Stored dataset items
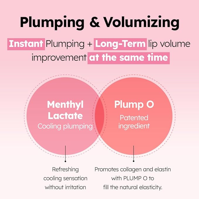 - ๐Cooling sensation - Menthyl Lactate, which provides a refreshing cooling sensation, promotes blood circulation in the lips. Resulting in a fuller volume without irritation.
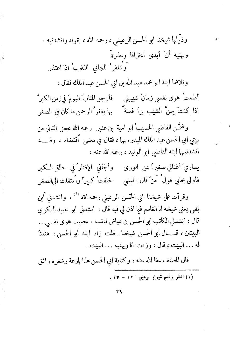 فأولى بحالي قول من قال: ليتني ... خلقت كبيراً وانتقلت إلى الصغر وقرأت على شيخنا أبي الحسن الرعيني رحمه الله (1) ، وأنشدني ابن بقي يعني شيخه أبا القاسم فيما أذن لي فيه قال: أنشدني أبو عبيد البكري قال: أنشدني الكاتب أبو الحسن بن عياش لنفسه: عصيت هوى نفسي.. البتين، قال أبو الحسن شيخنا: قلت زاد ابنه أبو الحسن: هنيئاً له؟ البيت؛ قال: وزدت انا ويهنيه؟ البيت.
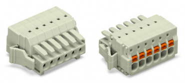 1-проводниковая розетка; нажимная кнопка; Push-in CAGE CLAMP®; 1,5; Шаг контактов 3,5 мм; 2-пол.; 100% защита от неправильного подсоединения; Поперечные фиксирующие рычаги; 1,50 mm²; светло-серые
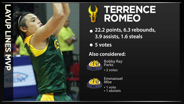 Renee - It got just a little bit scary when NU started to win without the ball in Bobby Ray Parks' hands. Then again, Parks' worth as an MVP is better measured by how improved his teammates are because of his mere presence. He's third overall in scoring, just behind machines like Terrence Romeo and Roi Sumang, while rivaling bigs at the boards (8.4) and in blocks (1.1) and point guards in assists (3.8) and steals (1.1). He is the true driving force behind NU's league-leading record.
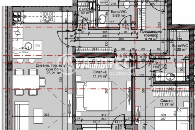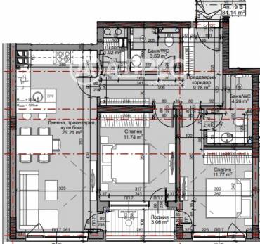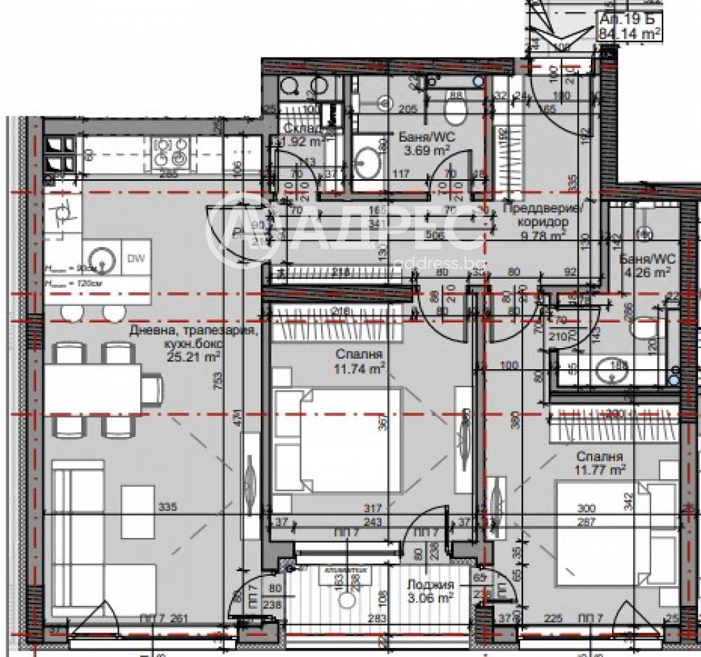 С АКТ 14. Функционален тристаен апартамент. Разположен е на осми етаж. Състои се от: хол с трапезария и кухненски бокс с площ 25.21 кв.м., две спални по 11.74 кв.м. и 11.77 кв.м., две санитарни помещения, балкон и склад. Изложението е югоизточно. Има възможност за покупка на гараж или паркомясто.

- _What to do_
From the first line of the records through the line containing "فأولى بحالي قول", please output exactly those lines and nothing more, leaving out the pictures.

- _Exercise response_
 - ๐Cooling sensation - Menthyl Lactate, which provides a refreshing cooling sensation, promotes blood circulation in the lips. Resulting in a fuller volume without irritation.
 فأولى بحالي قول من قال: ليتني ... خلقت كبيراً وانتقلت إلى الصغر وقرأت على شيخنا أبي الحسن الرعيني رحمه الله (1) ، وأنشدني ابن بقي يعني شيخه أبا القاسم فيما أذن لي فيه قال: أنشدني أبو عبيد البكري قال: أنشدني الكاتب أبو الحسن بن عياش لنفسه: عصيت هوى نفسي.. البتين، قال أبو الحسن شيخنا: قلت زاد ابنه أبو الحسن: هنيئاً له؟ البيت؛ قال: وزدت انا ويهنيه؟ البيت.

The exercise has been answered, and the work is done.